Washington did not cut down a cherry tree and then inform his father that he could not tell a lie; Wellington did not say "Up, Guards, and at 'em!" or Pershing, "Lafayette, we are here." The dear old legends explode all about us; it is gratifying to recall that there is one at least the accuracy of which is unimpeachable. Walking up Market Street, Philadelphia, Benjamin Franklin did pass the home of his wife-to-be with a roll under each arm and munching a third, and his wife-to-be did see him and note that he made "a most awkward, ridiculous appearance."
Andrew Bradford had nothing to offer—the vacancy left by the death of Aquila Rose had already been filled. But Franklin was not yet done with the ghostly trail of Aquila. At Andrew Bradford's suggestion he waited on Samuel Keimer, who had recently set up as a printer despite a meager endowment of equipment, native ability, or acquired skill. He found Keimer "composing an Elegy on Aquila Rose" directly from the type.
So there being no copy (recorded Franklin), but one pair of cases, and the Elegy likely to require all the letters, no one could help him. I endeavor'd to put his press (which he had not yet us'd, and of which he understood nothing) into order fit to be work'd with; and, promising to come and print off his Elegy as soon as he should have got it ready, I return'd to Bradford's, who gave me a little job to do for the present, and there I lodged and dieted. A few days after, Keimer sent for me to print off the Elegy. And now he had got another pair of cases, and a pamphlet to reprint, on which he set me to work.
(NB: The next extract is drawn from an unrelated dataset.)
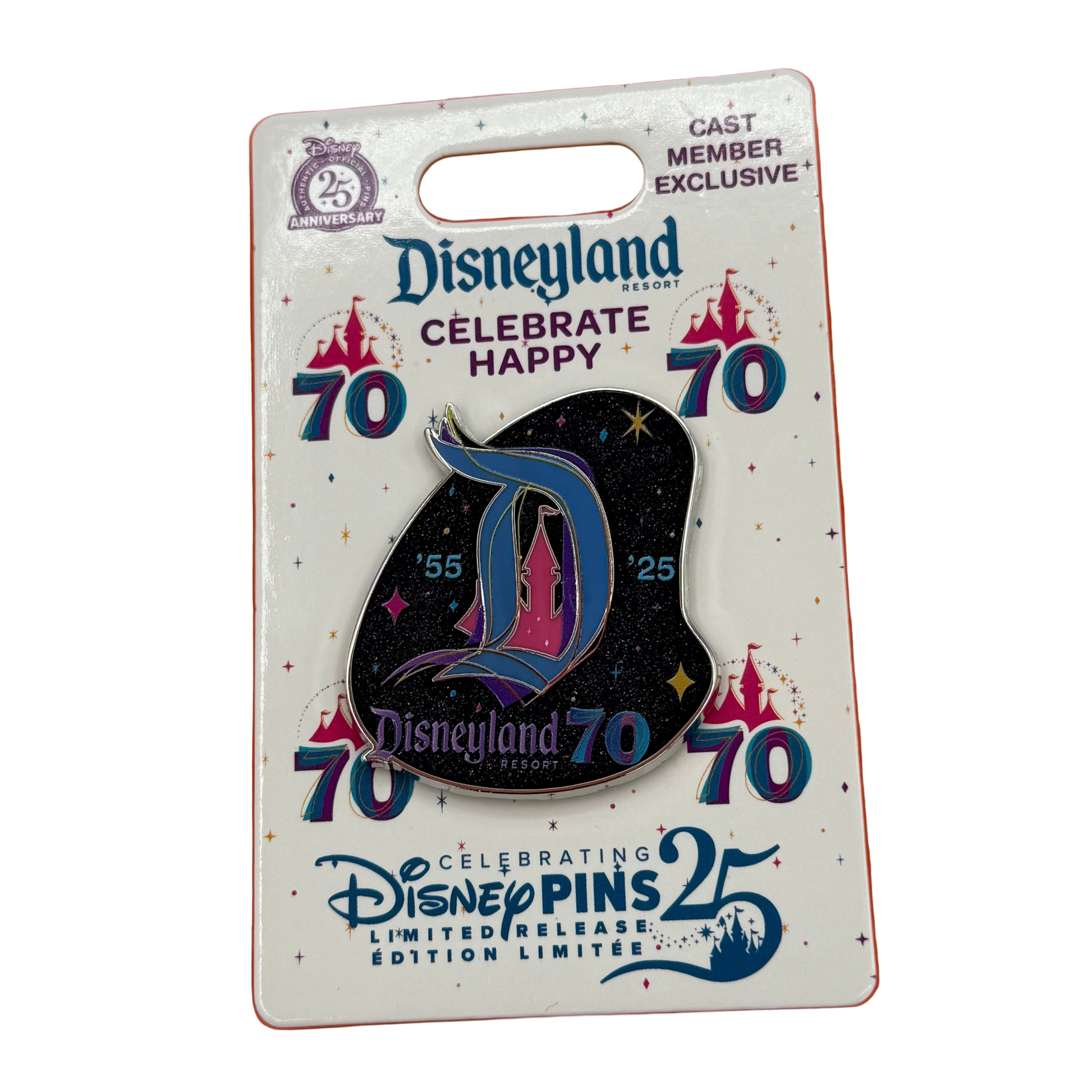 Gothic D Cast Exclusive is a Limited Release pin from the Disneyland Resort 70th Anniversary Celebration series. It was released on May 13, 2025 and was available exclusively at the Disneyland Resort.

This broadside poem, therefore, was the first piece of Philadelphia printing with which Franklin's name is clearly identified. The "pamphlet to reprint" may have been A Letter to a Friend in Ireland, The Doctrine of Absolute Reprobation Refuted, A Letter from One in the Country to His Friend in the City, A Parable, or (and this would certainly have been Franklin's choice) The Curiosities of Common Water, all of which Keimer imprints of 1723 are listed in the short-title check list which follows the Curtis catalogue. No more specifically is it possible to identify the "little job" which Andrew Bradford gave him.
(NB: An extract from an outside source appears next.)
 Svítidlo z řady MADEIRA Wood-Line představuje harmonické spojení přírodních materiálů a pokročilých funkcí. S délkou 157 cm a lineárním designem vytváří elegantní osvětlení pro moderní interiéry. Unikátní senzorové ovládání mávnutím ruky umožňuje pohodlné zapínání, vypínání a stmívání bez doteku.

It is not likely that Franklin would have long continued with Keimer (who was "an odd fish; ignorant of common life, fond of rudely opposing receiv'd opinions, slovenly to extream dirtiness, enthusiastic in some points of religion, and a little knavish withal") even if a roundabout coincidence had not brought him to the attention o£ the governor of the province, Sir William Keith, whose quarrel with William Bradford had been one of the impulses that had established the latter as New York's first printer. Keimer "star'd like a pig poison'd" one day when no less a worthy than Sir William entered the shop in search of the new assistant from Boston. Governor and assistant adjourned to a tavern, where the former disclosed a grandiose idea for setting the newcomer up in a shop of his own. He must first, of course, go to London to buy equipment, and to this end the governor loaded him down with enthusiasm and letters of credit. After a short visit to Boston, where all "made me welcome, except my brother," who "receiv'd me not very frankly, look'd me all over, and turn'd to his work again", Franklin sailed for London, which he reached the day before Christmas, 1724—to learn, to his intense mortification, that Sir William's letters of credit were worthless, since that gentleman's prowess as a promiser and his shortcomings as a performer were rather more familiar in the old country than in the new.
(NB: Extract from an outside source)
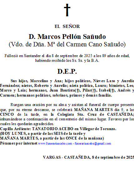 D. Marcos Pellón Sañudo – Vargas – Castañeda en 8 septiembre, 2025 por funerariaaceboDeja un comentario

Franklin, however, had little difficulty in extricating himself from the crisis into which he was precipitated on his arrival in London by the non-negotiability of Sir William Keith's commercial paper. "I immediately got into work at Palmer's," he says, "then a famous printing house in Bartholomew Close, and here I continu'd near a year." Samuel Palmer, declares John Clyde Oswald in Benjamin Franklin, Printer (New York, 1917), "was more than an ordinary printer. He had visited America, was letter-founder as well as printer, and was engaged in the writing of 'A History of Printing,' only a third of which he had completed when he died in 1732."
Franklin identifies only one of the jobs on which he worked at Palmer's. "I was employed," continues the Autobiography, "in composing for the second edition of Wollaston's Religion of Nature." The name of William Wollaston (1659-1724) now survives mainly by virtue of this adventitious association with a nineteen-year-old immigrant compositor. The Religion of Nature Delineated first appeared in 1722 in a small privately printed edition. Presumably this first edition is now rare, but no collector is impressed thereby, preferring above it that on which Franklin worked (the third in strict sequence, but the second published edition), which, happily, is relatively common. It bears the imprint: "London: Printed by S. Palmer, and sold by B. Lintott, W. and J. Innys, J. Osborn, J. Batley, and T. Longman. 1725." The printer from America pondered over the copy as he set it, and out of his ruminations came a pamphlet reply to the recently deceased author: A Dissertation on Liberty And Necessity, Pleasure and Pain (London, 1725). Franklin printed one hundred copies, gave a few to friends, and then, repenting of his materialistic agnosticism, "burnt the rest except one copy"; pride of authorship would not wholly down. That copy may be one of the four known to survive today, all in institutional collections.
Receiving a better offer from John Watts, who conducted a larger printing establishment, Franklin went thither, remaining six months, when he accepted the proposal of a Philadelphia merchant then in London that he return and act "as his clerk, keep his books, in which he would instruct me, copy his letters, and attend the store." In leaving London, therefore, Franklin supposed that he thereby "took leave of printing forever."
Man proposes. Franklin and his new employer reached Philadelphia; the store was duly opened and its new clerk installed; four months later the employer died. The establishment was taken over by the executors and Franklin was out of work. Keimer wanted him back as foreman of his new and larger shop, but Franklin, who knew well his Keimer, first sought a place at his new trade of clerk and salesman. Nothing offered, so he reluctantly accepted Keimer's bid. The affiliation did not last long. Franklin and Keimer quarreled over "a trifle" that represented the culmination of a long series of abuses:
A great noise happening near the courthouse, I put my head out of the window to see what was the matter. Keimer, being in the street, look'd up and saw me, call'd out to me in a loud voice and angry tone to mind my business, adding some reproachful words, that nettled me the more for their publicity, all the neighbors who were looking out on the same occasion, being witness how I was treated. He came up immediately into the printing-house, continu'd the quarrel, high words pass'd on both sides, he gave me the quarter's warning we had stipulated, expressing a wish that he had not been oblig'd to so long a warning. I told him that his wish was unnecessary, for I would leave him that instant; and so, taking my hat, walk'd out of doors.